Multi-Entity Queries
Most practical business queries involve understanding relationships between multiple entities simultaneously. While our analysis has focused on single-entity RAG performance, it's important to acknowledge that real-world usage often requires retrieving information about several interrelated entities.
This multi-entity reality affects RAG's scalability in two key ways. First, when retrieving documents for multiple entities, there's often overlap in the relevant documents. Our analysis shows that related entities frequently share documentation context - for instance, projects within the same department or team members working on related initiatives. This document overlap can help mitigate the potential explosion of context window usage.
However, in cases where there's minimal document overlap between queried entities, the total document retrieval load grows roughly linearly with the number of entities. This can push up against context window limits more quickly than our single-entity analysis might suggest.
The below scatter plots show how the most well documented topics often overlap (Fig 2, right), but that we see much sparser density in the smaller entities.

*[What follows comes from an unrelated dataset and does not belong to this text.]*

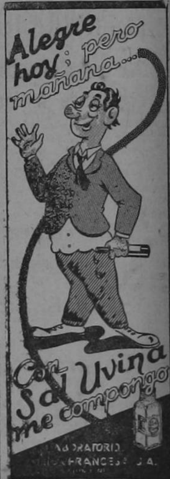
LABORATORIO FRANCES J.A.

The practical implication is that while RAG is sufficient for most single-entity queries, teams should carefully consider their typical query patterns when designing their system. For workflows heavily focused on understanding relationships between many entities, selective pre-processing of highly-connected (highly documented) entities may be warranted.
Documents per Entity
A good indication for the sprawl of an Entity is the number of documents associated with said Entity. However, the Fact efficiency of each Document can either mitigate or exacerbate the ‘entropy’ of the entity
- For Example, an Entity with 100 associated docs could get 95% Fact coverage from a single Document if it was extremely Fact dense
- More on the Fact density of Documents below
Facts Per Document
Facts within Documents are more normally distributed than the other distributions we’ve observed, but still highly skewed. When combined with the pattern of Documents per Entity, we observe the inverse super-exponential distribution of Fact coverage across Entities (Fig 1).